[거절사정][공1990.7.15.(876),1372]
(a) Whether the applied trademark "PROSTIN E2" and the cited trademark "" are similar (affirmative)
(b) Where the applied trademark is applied for as a combined trademark of the basic trademark registered earlier than the cited trademark, a separate judgment as to the similarity of the cited trademark (affirmative)
A. The cited trademark "PROSTIN E2" is similar to the overall name since "E2", which is the latter part of "PROSIN", which is the latter part of the original trademark, is not similar, is merely an indivisible and is merely an additional expression and thus "E2", which is the latter part of the original trademark. It is determined by the method of determining whether there is a possibility of misconception or confusion as to the source between the goods in trade by objectively, collectively, and systematically observing the appearance, name, and concept of the two trademarks, the objective, overall, and the two trademarks, and determining whether there is a possibility of misconception or confusion as to the source between the goods in trade. Thus, if the original trademark is used for the designated goods similar to the designated goods of the cited trademark, general consumers are likely to cause mistake or confusion as to the cited trademark and the source of goods. Thus, this original trademark cannot be registered under Article 9 (1) 7 of the former Trademark Act (amended by Act No. 4210, Jan. 13, 1990).
B. The main trademark is a trademark applied in combination to "PROSIN", which is a prior registered trademark, and even if the registration of the cited trademark is permitted after the registration of the said basic trademark, it is necessary to re-determine whether the cited trademark is similar to the cited trademark separately from the basic trademark in registering the original trademark.

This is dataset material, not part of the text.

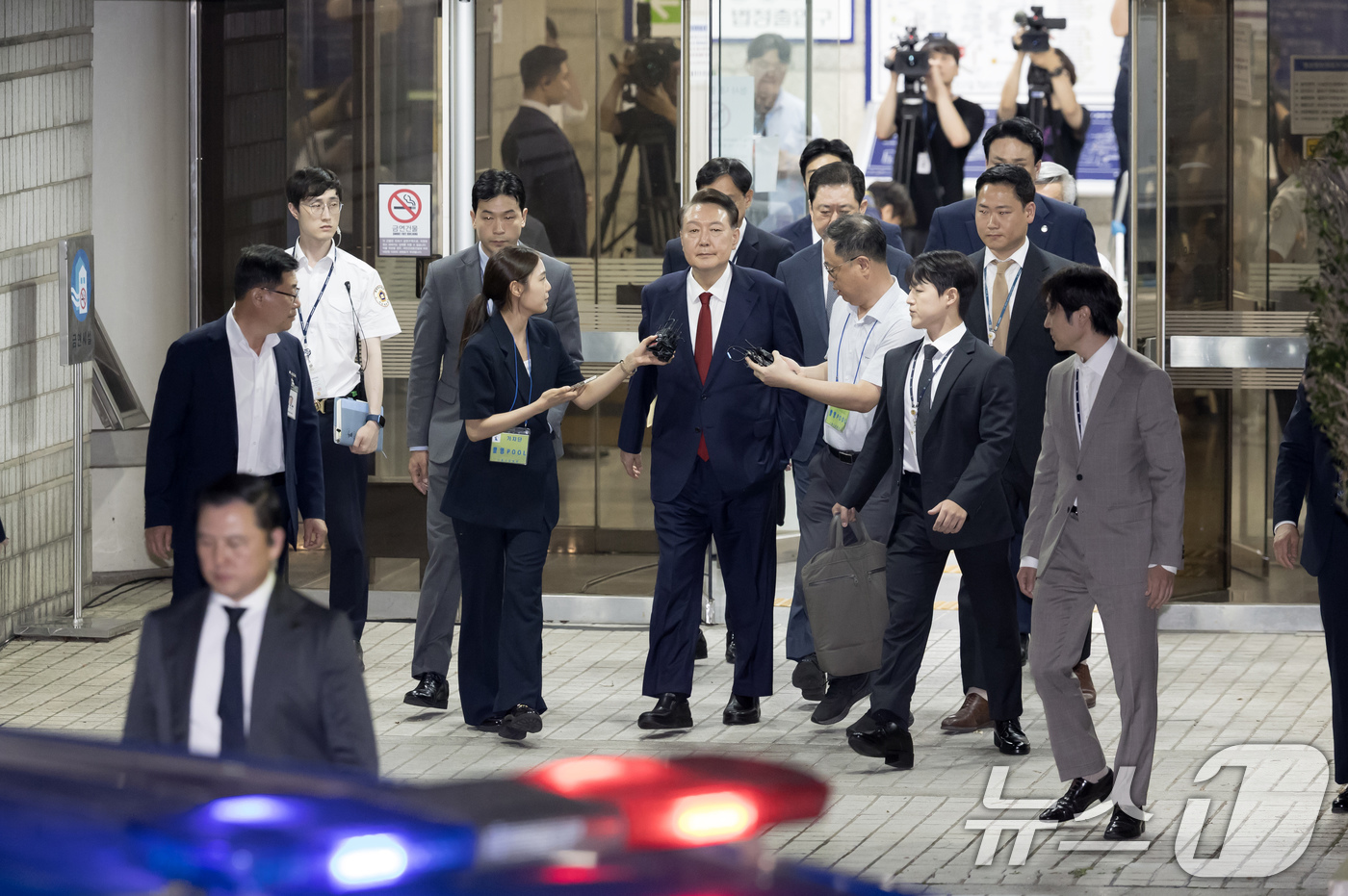 12·3 비상계엄과 관련해 특검 수사를 받는 윤석열 전 대통령이 9일 밤 서울중앙지법에서 두 번째 구속 전 피의자심문(영장실질심사)을 마친 뒤 대기장소인 서울구치소로 이동하고 있다. 2025.7.9/뉴스1 ⓒ News1 사진공동취재단 |

(a)Article 9(1)7(b) of the Trademark Act;
B. Supreme Court Decision 82Hu26 delivered on April 10, 1984 (Gong1984, 820) 82Hu3 delivered on February 26, 1985 (Gong1985, 472) 85Hu129 delivered on September 23, 1986 (Gong1986, 2948)
DJO Law Firm Central Patent Office, Attorneys Lee Byung-ho et al., Counsel for the plaintiff-appellant-appellee-appellant
The Commissioner of the Korean Intellectual Property Office
Korean Intellectual Property Office Decision 88Hun-won345 dated October 28, 1989
The appeal is dismissed.
The costs of appeal shall be assessed against the applicant.
We examine the grounds of appeal.
The original trademark "POSTIN E2" and the cited trademark ", although its appearance is not similar to the cited trademark, its overall name is similar to its designated goods (the designated goods of the original trademark shall be non-productive medicine, the designated goods of the cited trademark shall be sensitively known, and the goods of the cited trademark shall be used for the designated goods). As such, if the original trademark is used for the designated goods, general consumers may cause mistake and confusion between the cited trademark and the source of goods. This original trademark cannot be registered under Article 9 (1) 7 of the former Trademark Act (amended by Act No. 4210 of Jan. 13, 1990) and the cited trademark "," the original trademark shall not be registered under Article 9 (1) 2 of the former Trademark Act, and its overall name shall be similar to its designated goods (the designated goods of the original trademark shall be non-productive medicine, the designated goods of the cited trademark shall be identical to the original trademark, and the latter part of the Korean Intellectual Property Office 2, 2008 after the declaration of whether it is likely to cause for confusion between the goods;
In addition, the precedents of the theory of lawsuit cannot be considered appropriate in this case. Therefore, the arguments are groundless.
Therefore, the appeal is dismissed, and the costs of appeal are assessed against the losing party. It is so decided as per Disposition by the assent of all participating Justices.